26.07.2021

Single Cell RNAseq Analysis Workflow

Learning Objectives

Goals:

  • identify genes that differentially expressed between clusters,

  • exclusively or not,

  • using different methods that test:

    • the mean expression level,

    • the whole distribution,

    • or the proportion of cells expressing the gene

  • compile a summary table.

Learning Objectives

Challenges:

  • Over-interpretation of the results

  • Combining different types of marker identification

Recommendations:

  • Think of the results as hypotheses that need verification.

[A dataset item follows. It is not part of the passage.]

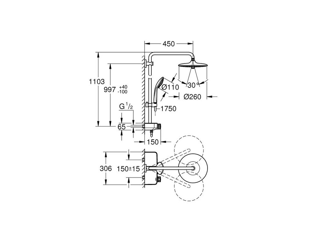 Sprchový systém 260 Mono s termostatickou tlačítkovou baterií na zeď.

  • Identify all markers conserved between conditions for each cluster

  • Identify markers that are differentially expressed between specific clusters

Differential expression

Differential expression

  • Differential expression is comparative. Common comparisons include:

  • pairwise cluster comparisons,

    • eg. cluster 1 vs cluster2, cluster 2 vs cluster 3 etc.
  • for a given cluster finding ‘marker genes’ that are:

    • DE compared to all cells outside of the cluster
    • DE compared to at least one other cluster
    • DE compared to each of the other clusters
    • DE compare to “most” of the other clusters
    • DE and up-regulated (up- regulated markers are somehow easier to interpret)
  • cell-type comparisons (if cell type is known) (with and without clustering)

findMarkers

findMarkers

Why special distributions?

high noise levels (technical and biological factors)

low library sizes

low amoung of available mRNAs result in amplification biases and dropout events

3’ bias, partial coverage, uneven depth

stochastic nature of transcription

multimodality in gene expression (presence of multiple possible cell states within a cell population)

Parametric vs Non-parametric tests

  • The better model fits to the data, the better (more accurate) statistics

  • When we cannot fit a model to our data, we resort to non-parametric models (e.g. Wilcoxon rank-sum test, Kruskal-Wallis, Kolmogorov-Smirnov test)

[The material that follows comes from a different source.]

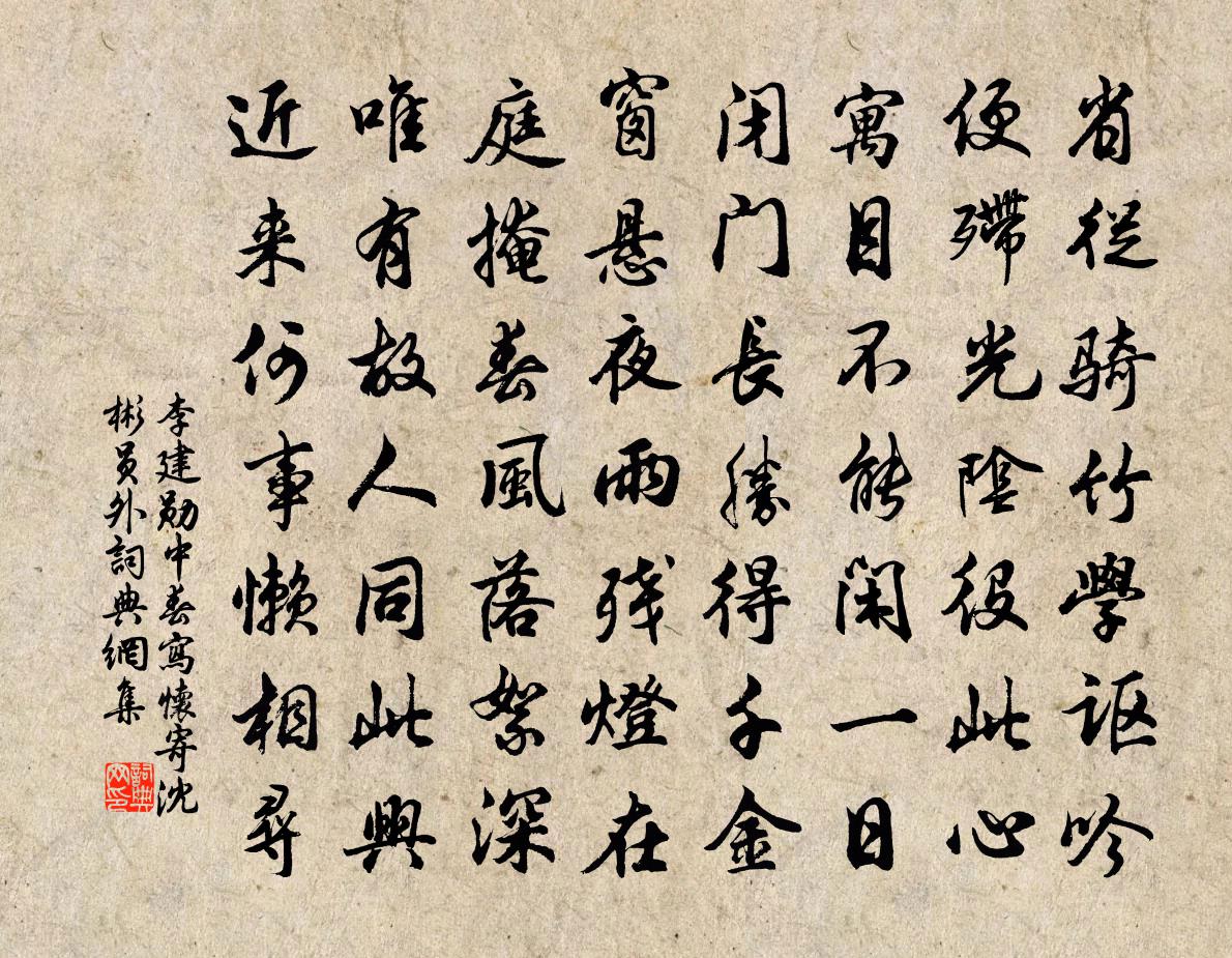 詩詞名句歷史字典書法欣賞書法字典國語詞典說文解字康熙字典古漢語字典標 題 作 者 詩 句 中春寫懷寄沈彬員外作者:李建勛 朝代:唐代中春寫懷寄沈彬員外原文省從騎竹學謳吟,便殢光陰役此心。寓目不能閒一日,閉門長勝得千金。窗懸夜雨殘燈在,庭掩春風落絮深。唯有故人同此興,近來何事懶相尋。詩詞問答問:中春寫懷寄沈彬員外的作者是誰?答:李建勛問:中春寫懷寄沈彬員外寫於哪個朝代?答:唐代問:中春寫懷寄沈彬員外是什麼體裁?答:七律李建勛中春寫懷寄沈彬員外書法欣賞中春寫懷寄沈彬員外書法作品注釋全唐詩:卷739-57詩詞推薦素風堂鄭獬〔宋代〕潁水纖纖清露石,仙翁於此買煙村。唐朝三百盛冠蓋,丞相幾家餘子孫。耀世文章雖已遠,傳家清白至今存。由來游北山王安石〔宋代〕攬轡出東城,登臨目暫明。煙雲藏古意,猿鶴弄秋聲。客坐苔紋滑,僧眠樾蔭清。賞心殊未已,山日下西榮。舒御史太夫人輓辭陳師道〔宋代〕回合江山秀,佳城去域中。佩環無曉日,苹藻自春風。斷髮人何在,捐金事已空。遂移男子孝,更作直臣忠。次韻芮漕國器憶去年上元二首周必大〔宋代〕使節番禺重,中朝社稷臣。喜沉刁斗夜,遠布玉墀春。古寺看紅葉,蕃街試幻人。餘歡曾盡否,應記繞樑塵。和十九日湖上與張集賢餞提刑張都官韻宋祁〔宋代〕共憑高榭眺雲波,使節將歸可奈何。醇酒暫留丞相飲,驪駒愁對主人歌。千岩日下催雲合,萬里風長送雁過。茲會滿江紅 玉簪次班彥功韻張雨〔元代〕玉導纖長,頓化作、雲英香莢。風弄影、錄鬟撩亂,搔頭斜插。璞小還思釵燕並,叢幽略比蕉心狹。看柔須、點綴隱居雜興楊公遠〔宋代〕一味幽閒了此生,那曾懷刺謁公卿。無官可署名雖晦,有句堪吟思自清。棋要藏機何用著,琴能識趣底須聲。何當丁宇田家有贈王維〔唐代〕〔英華作田家贈丁禹。注云。集作丁宇。誤也。〕君心尚棲隱。久欲傍歸路。在朝每為言。解印果成趣。晨雞鳴鄰和姚山長一甫陳杰〔宋代〕潭影悠悠白日閒,千年如畫此江山。高人徐孺死已朽,上疏梅仙去不還。底是憂堪埋地下,誰能遠不在人間。相逢贈休齋沈老丈葛紹體〔宋代〕澉浦東南海面橫,慣看潮落又潮生。嫌渠萬里風波險,心地一生平處行。次韻受益苦雨二首方回〔宋代〕甘澤關民命,隨時不在多。滴穿檐下石,爛倒水中荷。天有凶荒歲,人無政事科。誠心能撫字,乖氣轉為和。水調歌頭(項平甫大卿索賦武昌凱歌)張鎡〔宋代〕忠肝貫日月,浩氣抉雲霓。詩書名帥,談笑果勝棘門兒。牛弩旁穿七札,虎將分行十道,先解近城圍。一騎夜飛火書感陸游〔宋代〕衰顏非復昔年朱,幾過黃公舊酒壚。成敗只堪三太息,是非終付一胡盧。連天菸草迷歸夢,動地風波歷畏途。辛苦和鄧慎思未試即事難書率用秋日同文館為首句耿南仲〔宋代〕大軸累千箱,鳧中見鶴長。靜臨窗幾讀,爽入肺肝涼。夸咤爭求勝,疲勞忽自忘。由來京邑貢,正合冠多方。踏莎行(題團扇)蔡伸〔宋代〕落日歸雲,寒空斷雁。吳波淺淡山平遠。丹青寫出在霜縑,佳人特地栽團扇。漁艇孤煙,酒旗幽院。些兒景趣君休庭中種花蘇轍〔宋代〕空庭一無有,初種六株花。青桐綠楊柳,相映成田家。春雨散膏油,朝暾發萌牙。造物知我心,初來盡枯槎。開花雪趙希逢〔宋代〕雲雪商量未了天,模糊遠近色相兼。白呵凍手拈詩筆,青向誰家認酒帘。散亂飛花刀旋剪,須臾平地尺誰添。也知恩敕尚書省僚宴昆明池應制(同用堯字)張嘉貞〔唐代〕靈沼初開漢,神池舊浴堯。昔人徒習武,明代此聞韶。地脈山川勝,天恩雨露饒。時光牽利舸,春淑覆柔條。芳醞文昌橋邱泰〔宋代〕玉馬橫江直接艫,青鰲長此鎮名都。川雲占路通三峽,豀雪沖瀾出五湖。不愧授書初志遂,每思題柱此才無。未須送道士曾昭瑩沈麟〔唐代〕南北東西事,人間會也無。昔曾棲玉笥,今也返玄都。雪片隨天闊,泉聲落石孤。丹霄人有約,去採石菖蒲。名句推薦好問則裕,自用則小。佚名《尚書正義·卷八·仲虺之誥》 西子蒙不潔,則人皆掩鼻而過之。雖有惡人,齊戒沐浴,則可以祀上帝。孟子《孟子·離婁章句下·第二十五節》 平生塞北江南,歸來華發蒼顏。辛棄疾《清平樂·獨宿博山王氏庵》 一溪煙柳萬絲垂,無因系得蘭舟住。周紫芝《踏莎行·情似遊絲》 知我者,謂我心憂;不知我者,謂我何求。佚名《黍離》 野戰格鬥死,敗馬號鳴向天悲。李白《戰城南》 洞房昨夜停紅燭,待曉堂前拜舅姑。朱慶餘《近試上張籍水部 / 近試上張水部 / 閨意獻張水部》 佳人彩雲里,欲贈隔遠天。李白《折荷有贈》 天若有情天亦老,搖搖幽恨難禁。孫洙《河滿子·秋怨》 穿花蛺蝶深深見,點水蜻蜓款款飛杜甫《曲江二首》

  • Non-parametric tests generally convert observed expression values to ranks

  • They test whether the distribution of ranks for one group are significantly different from the distribution of ranks for the other group

  • May fail in presence of large number of tied values, such as the case of dropouts (zeros) in scRNA-seq

  • If the conditions for a parametric test hold, then it will be typically more powerful that a non-parametric test

Gene-wise null hypothesis

  • Wilcoxon rank-sum test: “It is equally likely that a randomly selected cell from cluster 1 will have higher or lower expression of the gene than a randomly selected cell from cluster 2”

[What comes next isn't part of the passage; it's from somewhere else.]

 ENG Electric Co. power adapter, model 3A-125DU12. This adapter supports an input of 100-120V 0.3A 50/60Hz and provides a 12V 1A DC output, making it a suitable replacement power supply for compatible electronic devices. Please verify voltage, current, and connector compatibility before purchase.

  • Binomial test: “Probability of being expressed is the same in cluster 1 and cluster 2”

  • t-test: “Mean expression of genes in cluster 1 and cluster 2 are the same”

Performance of different tests

Some highlights:

  • t-test and Wilcoxon work well, given at least few dozens cells to compare

  • Bulk RNA-seq analysis methods do not generally perform worse than those specifically developed for scRNA-seq

  • Filtering out lowly expressed genes in quite important for good performance of bulk methods (edgeR, DEseq2)

So, what’s really important?

  • It’s important to understand what are we trying to compare, e.g. mean expressions, or probability of being expressed

  • It’s important to understand the data

  • It’s important to assess and validate the results

Things to think about

  • Always go back to RNA assay (or similar) for doing differential expression.

  • Depending on the method you chose use: counts, normalised counts or lognormalized counts.

  • Normalization strategy has a big influence on the results in differential expression, size factors may help.

    • e.g comparing celltype with few expressed genes vs a cell type with many genes.

Things to think about

  • Do not forget to account for batch effect

    • You can use the block argument in findMarkers to model batch effect

Things to think about

  • A lot of what you get will be noise. Take two random set of cells and run DE and you probably with have a few significant genes with most of the commonly used tests.

Practical Session

  • “Always go back to RNA assay (or similar) for doing differential expression.”

    • We will use normalized expression values (not corrected) for testing for differential expression between clusters
  • “Do not forget to account for batch effect”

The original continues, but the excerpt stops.